## Task objective
Write out exactly, and only, the lines below from the line with "请联系我们 >>购买棱牌(米沙瓦)一次性使用无菌注射针" through the line with "O modelo 2610"; pictures do not belong in the copy.

## Records for processing
============
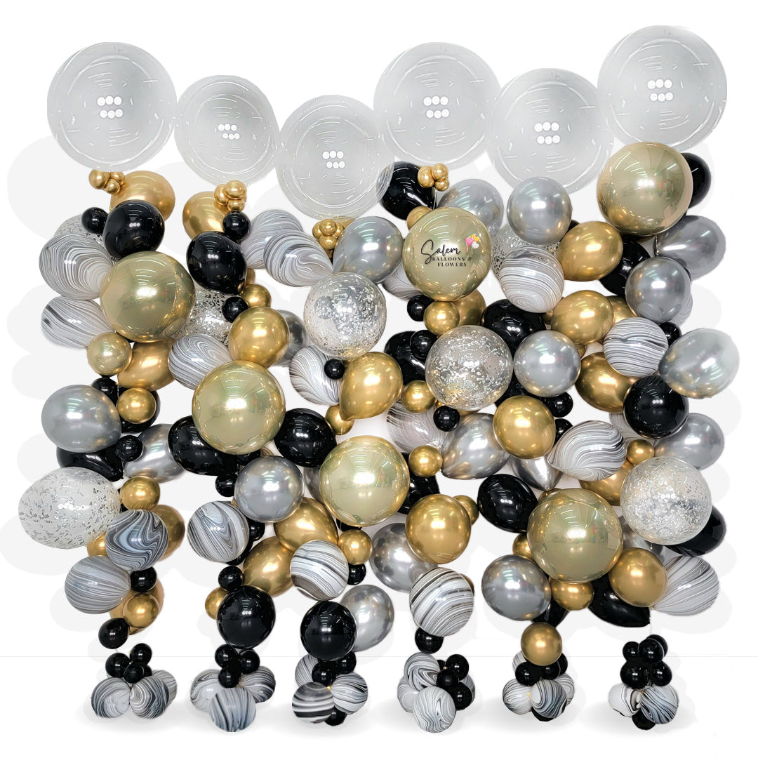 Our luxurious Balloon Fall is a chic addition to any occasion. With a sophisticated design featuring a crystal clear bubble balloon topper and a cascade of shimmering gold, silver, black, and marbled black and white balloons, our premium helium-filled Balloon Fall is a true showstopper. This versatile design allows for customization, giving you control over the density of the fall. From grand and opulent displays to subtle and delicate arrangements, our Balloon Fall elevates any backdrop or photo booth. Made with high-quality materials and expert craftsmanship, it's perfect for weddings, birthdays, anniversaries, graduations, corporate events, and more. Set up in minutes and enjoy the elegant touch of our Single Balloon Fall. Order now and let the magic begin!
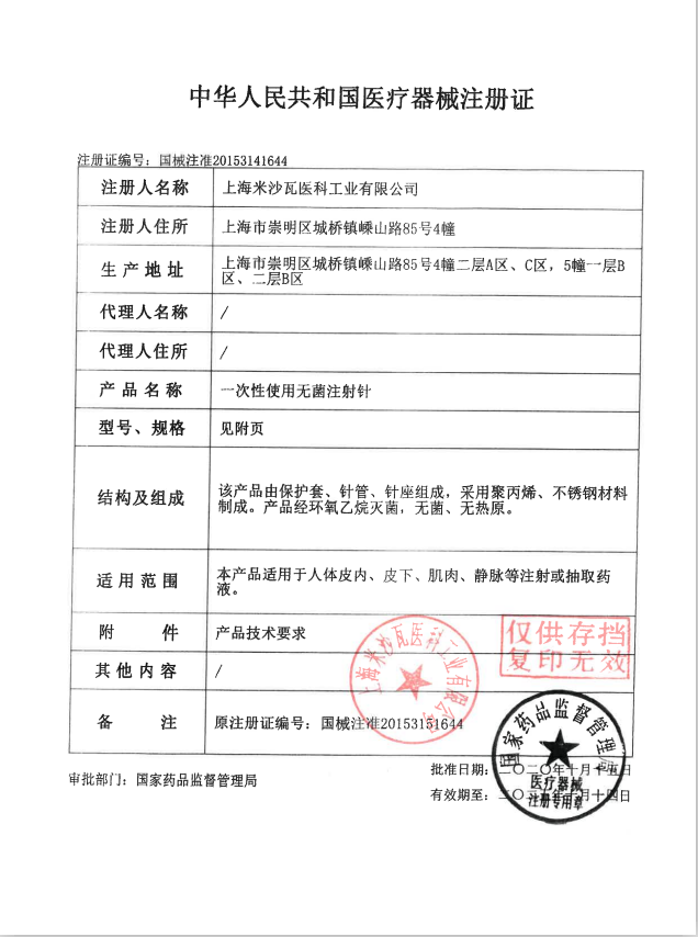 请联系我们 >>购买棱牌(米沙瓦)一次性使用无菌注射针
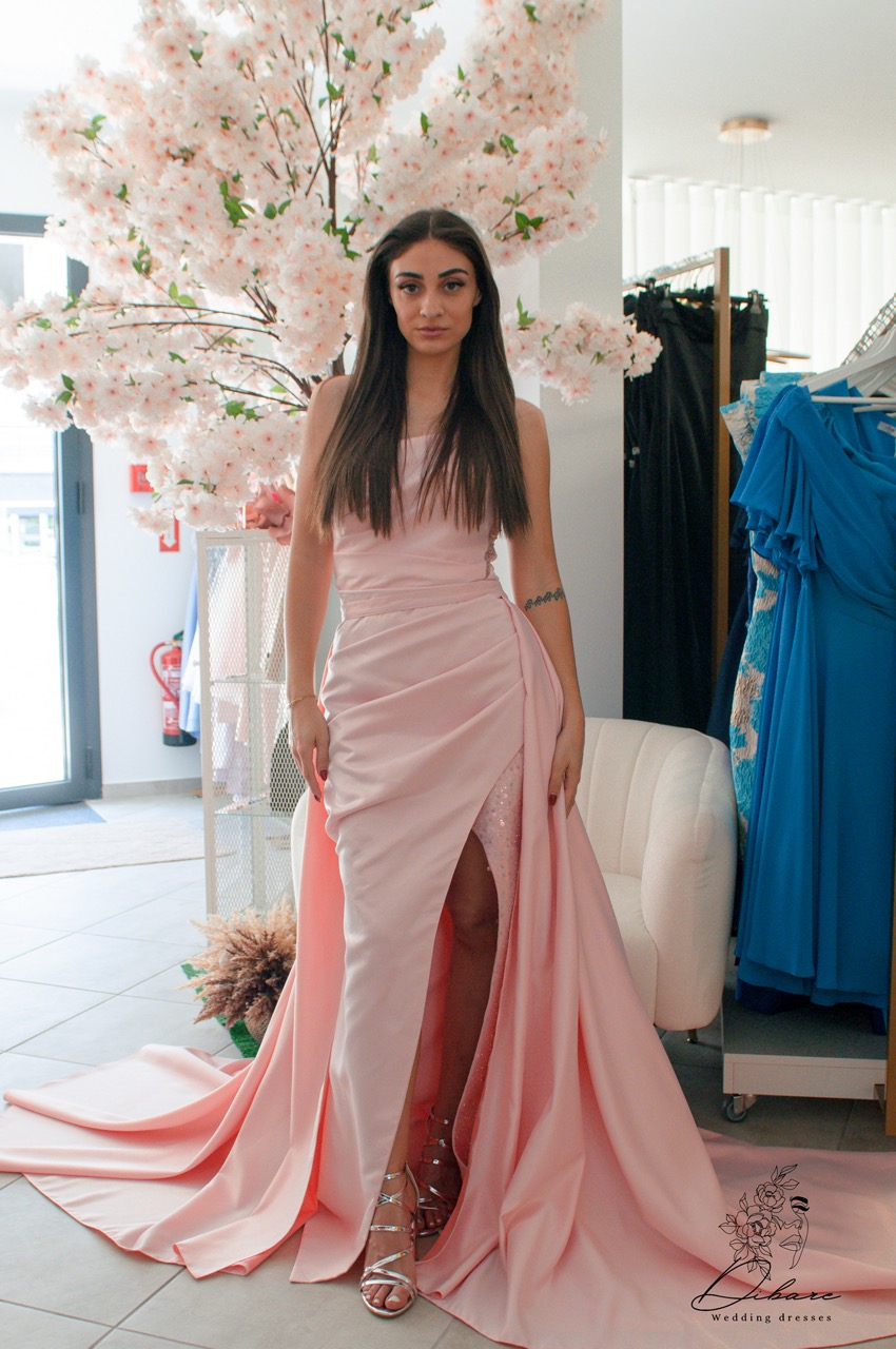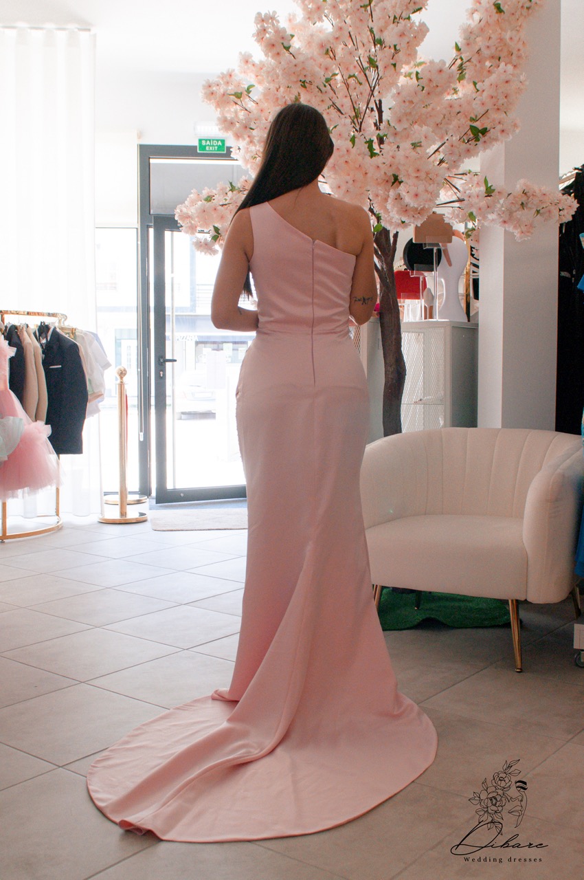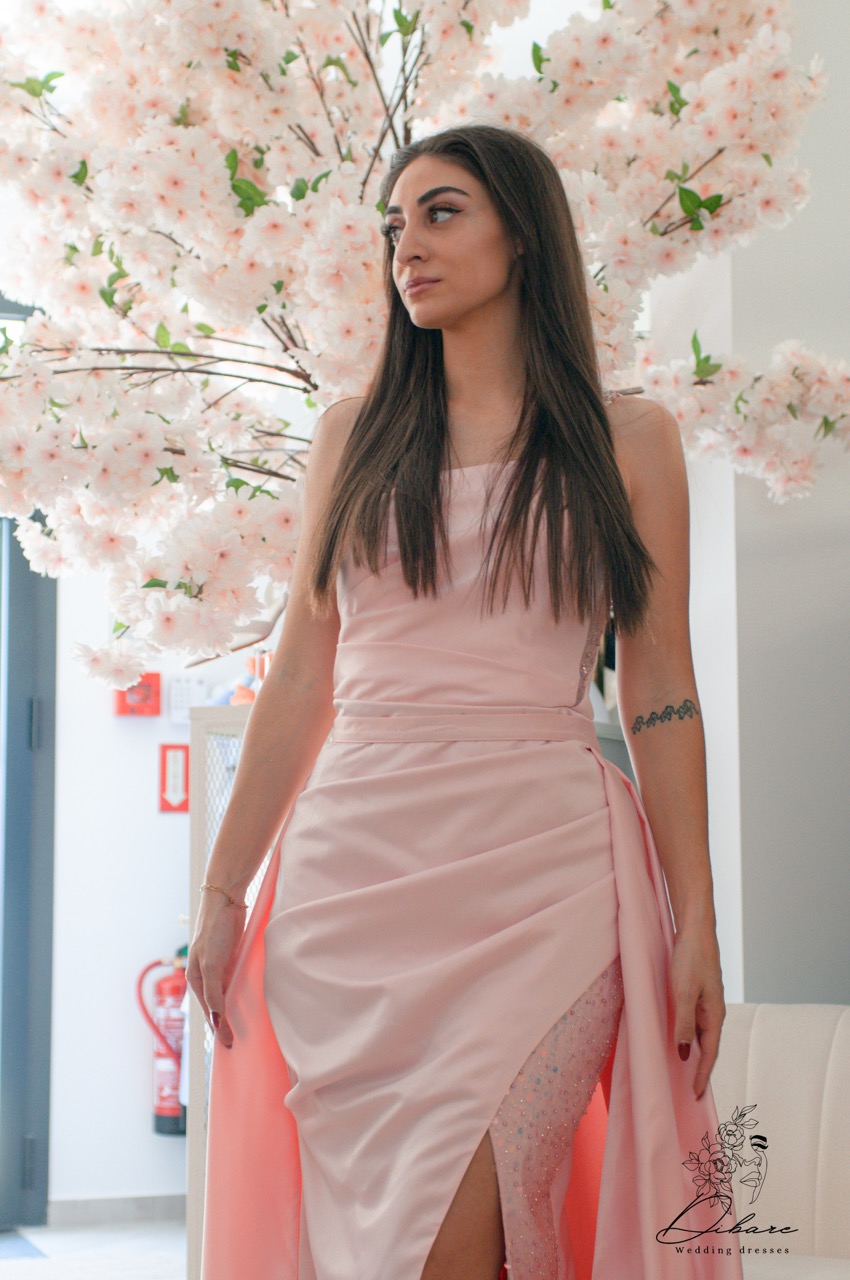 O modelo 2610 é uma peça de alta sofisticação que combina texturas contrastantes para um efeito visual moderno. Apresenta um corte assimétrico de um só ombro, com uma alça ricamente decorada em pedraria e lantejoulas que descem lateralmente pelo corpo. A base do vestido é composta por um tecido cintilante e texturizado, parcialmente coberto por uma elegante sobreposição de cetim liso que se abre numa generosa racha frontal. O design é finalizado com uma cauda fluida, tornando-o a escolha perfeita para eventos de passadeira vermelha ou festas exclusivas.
============
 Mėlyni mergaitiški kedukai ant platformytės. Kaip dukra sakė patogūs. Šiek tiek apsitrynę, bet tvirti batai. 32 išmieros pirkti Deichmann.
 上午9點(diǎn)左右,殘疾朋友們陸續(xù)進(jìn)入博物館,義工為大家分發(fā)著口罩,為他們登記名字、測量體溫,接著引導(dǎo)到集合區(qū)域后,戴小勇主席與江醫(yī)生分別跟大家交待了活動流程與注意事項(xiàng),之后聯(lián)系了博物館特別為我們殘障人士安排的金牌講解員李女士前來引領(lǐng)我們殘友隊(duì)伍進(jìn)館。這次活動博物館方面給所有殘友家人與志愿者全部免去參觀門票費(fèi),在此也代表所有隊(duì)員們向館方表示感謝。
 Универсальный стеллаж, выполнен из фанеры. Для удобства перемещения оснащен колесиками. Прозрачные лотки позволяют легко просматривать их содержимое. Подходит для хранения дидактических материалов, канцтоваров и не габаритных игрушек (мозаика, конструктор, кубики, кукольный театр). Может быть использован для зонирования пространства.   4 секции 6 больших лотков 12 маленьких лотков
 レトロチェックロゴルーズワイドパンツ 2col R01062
============
## Exercise solution
 请联系我们 >>购买棱牌(米沙瓦)一次性使用无菌注射针
 O modelo 2610 é uma peça de alta sofisticação que combina texturas contrastantes para um efeito visual moderno. Apresenta um corte assimétrico de um só ombro, com uma alça ricamente decorada em pedraria e lantejoulas que descem lateralmente pelo corpo. A base do vestido é composta por um tecido cintilante e texturizado, parcialmente coberto por uma elegante sobreposição de cetim liso que se abre numa generosa racha frontal. O design é finalizado com uma cauda fluida, tornando-o a escolha perfeita para eventos de passadeira vermelha ou festas exclusivas.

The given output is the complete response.